*** Provided data Section Begins ***

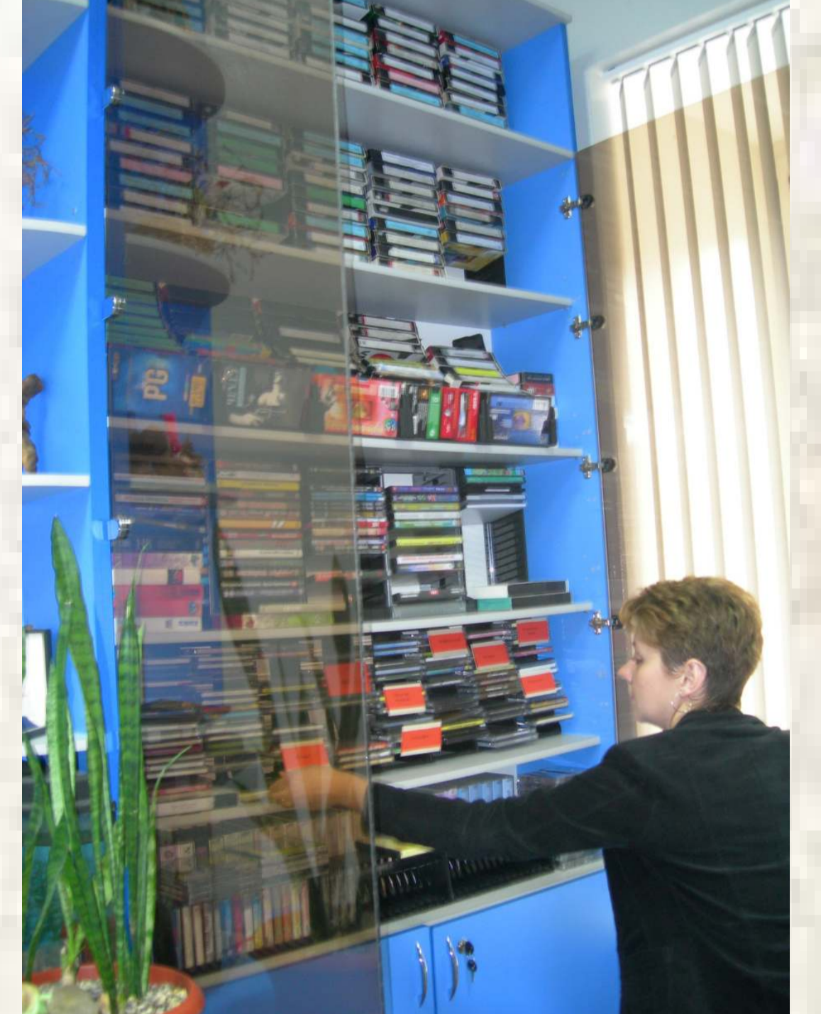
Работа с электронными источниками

*** Provided data Section Ends ***
*** Provided data Section Begins ***

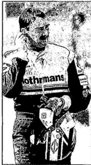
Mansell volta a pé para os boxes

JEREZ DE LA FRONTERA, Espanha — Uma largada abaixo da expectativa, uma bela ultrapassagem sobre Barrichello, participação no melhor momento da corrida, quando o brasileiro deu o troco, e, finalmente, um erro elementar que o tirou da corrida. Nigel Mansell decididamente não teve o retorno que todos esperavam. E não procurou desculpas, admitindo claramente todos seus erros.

*** Provided data Section Ends ***
*** Provided data Section Begins ***

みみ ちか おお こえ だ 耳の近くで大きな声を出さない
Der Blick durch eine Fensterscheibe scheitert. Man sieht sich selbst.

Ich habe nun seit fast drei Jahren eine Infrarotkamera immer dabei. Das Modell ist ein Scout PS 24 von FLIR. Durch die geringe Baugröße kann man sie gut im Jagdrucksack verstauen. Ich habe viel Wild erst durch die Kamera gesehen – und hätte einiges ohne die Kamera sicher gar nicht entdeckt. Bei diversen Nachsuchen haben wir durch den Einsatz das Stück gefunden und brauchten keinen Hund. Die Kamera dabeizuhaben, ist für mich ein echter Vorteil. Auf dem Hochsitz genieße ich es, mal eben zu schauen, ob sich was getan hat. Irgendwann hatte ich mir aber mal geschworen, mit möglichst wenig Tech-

*** Provided data Section Ends ***

__What is required__
Looking at the entries above, can you reproduce exactly the lines from the one that holds "Mansell volta a pé para os boxes" through the one that holds "JEREZ DE LA", and only those?

__Written answer__
Mansell volta a pé para os boxes

JEREZ DE LA FRONTERA, Espanha — Uma largada abaixo da expectativa, uma bela ultrapassagem sobre Barrichello, participação no melhor momento da corrida, quando o brasileiro deu o troco, e, finalmente, um erro elementar que o tirou da corrida. Nigel Mansell decididamente não teve o retorno que todos esperavam. E não procurou desculpas, admitindo claramente todos seus erros.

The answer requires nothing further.